Beck's Budweiser Pitching

Agencies slam AB InBev’s 'despicable pitch practices'


By Natalie Mortimer, N/A

March 19, 2015 | 3 min read

The Marketing Agencies Association (the MAA) has called for an agency strike on drinks giant AB InBev over its alleged “despicable pitch practices”.

The trade body has called the strike after it was alerted to an e-auction in a recent AB InBev pitch that made a number of exploitative demands, including asking agencies the lowest they would go on their rate card and how many hours’ work the agencies would effectively give free to AB InBev, out of the total scope of work.

The MAA, led by managing director Scott Knox, has urged all agencies currently working with AB InBev to go on strike and unite, in the hope that it will pressure the drinks giant to overhaul its pitch practices and treatment of agency suppliers.

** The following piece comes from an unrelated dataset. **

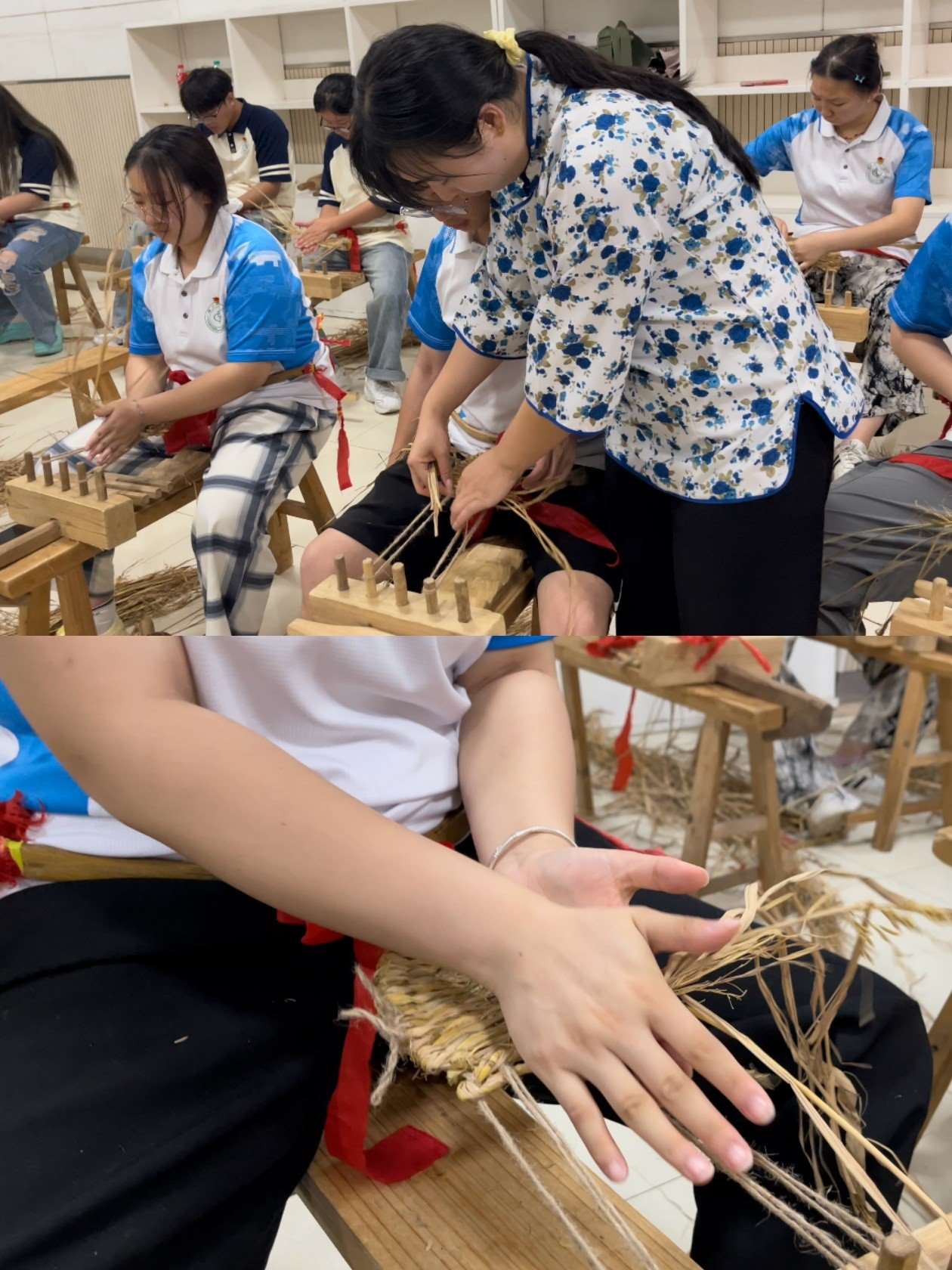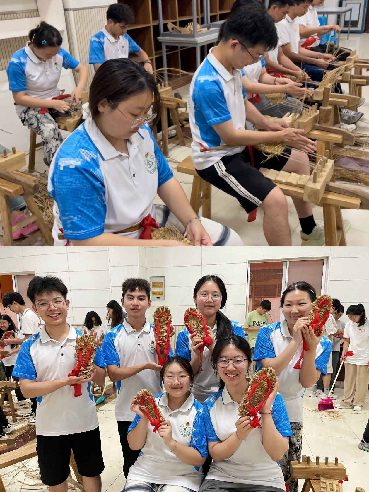 草鞋又名“扉”,相传为黄帝的臣子不则所创造。井冈山斗争时期物质条件十分匮乏,穿草鞋、打草鞋是每个战士的军事装扮和行军技能。中心特邀专业老师为队员指导编草鞋,“一系一搓一挽一编一压一敲,草鞋轻松编”,念着口诀,伴着激昂的革命歌曲,一双双草鞋就编制完成了,草鞋很小,只有二十多公分长,草鞋也很大,走过了万里征途。中心老师还让队员脱下脚上舒服柔软的鞋子,换上自己亲手制作的草鞋,硌脚行走的每一步都让队员们更加深刻体会那段艰难岁月。
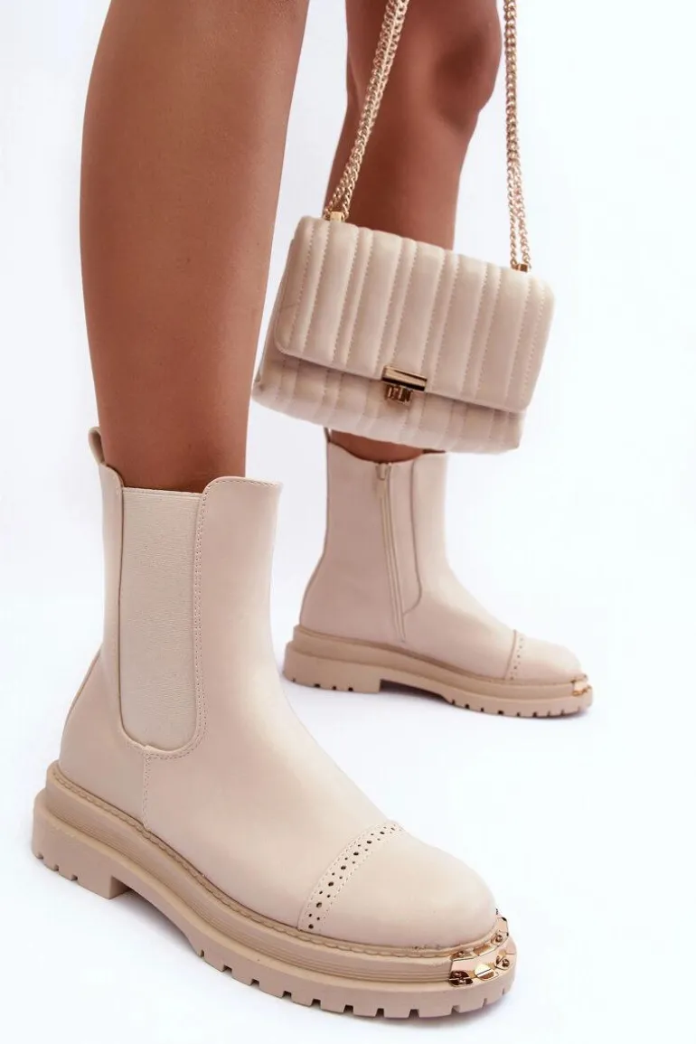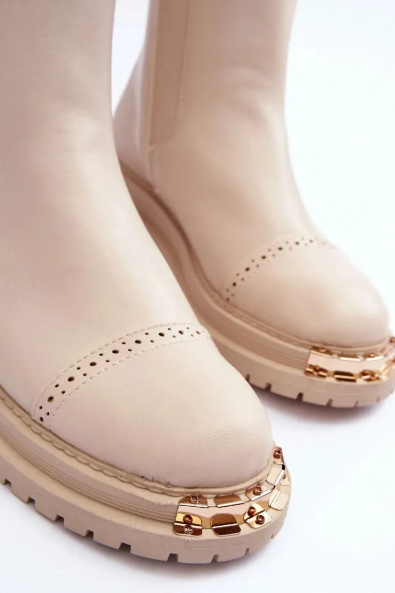 Damskie sztyblety zostały wykonane z eko skóry. Zapinane na suwak po wewnętrznej stronie cholewki. Osadzone na płaskim obcasie i platformie. Z przodu złota ozdoba z tworzywa sztucznego. Noski zaokrąglone. Ten model powinien znaleźć się w Twojej szafie! Przy wyborze rozmiaru prosimy sugerować się tabelą rozmiarów.

The proposed strike would take place from next month (7 April), which gives the brewer two weeks to respond to the agency sector and drop these outrageous business terms.

“The MAA takes bad pitch practice and exploitative payment terms extremely seriously," said Knox. "AB InBev is behaving disgracefully, forcing agencies to provide them with discounts and financial sweetners across every possible work stream.

“The only way we can prevent this exploitative practice gaining ground is to rise up together as an industry and refuse to be bullied into devaluing our creative and strategic output. As a result the MAA calls on all those who currently work with AB InBev to ‘strike’ together and make our collective voice heard loud and clear”.

It is not the first time the brand has been outed for alleged mistreatment of its agency partners. The drinks giant, whose brands include Budweiser, Stella Artois and Beck's, has also reportedly asked how much more of a rebate agencies would be prepared to give back, over a minimum 5 per cent rebate that AB InBev stipulates. AB InBev is understood to have described this rebate as contributing to its CSR programme “Better World”.

Earlier this year, it was accused by the Government and the business industry for demanding what they deemed excessive long payment terms from agencies and small UK suppliers. Sources close to the brewer confirmed the allegations to The Drum but claimed they have no other alternative but to suffer the conditions for fear of losing the accounts.

Formed from the mergers between Anheuser Busch, Interbrew and Ambev, AB InBev made a global profit of £11.7bn last year.

Ab Inbev had not responded to a request for comment from The Drum at the time this article was published.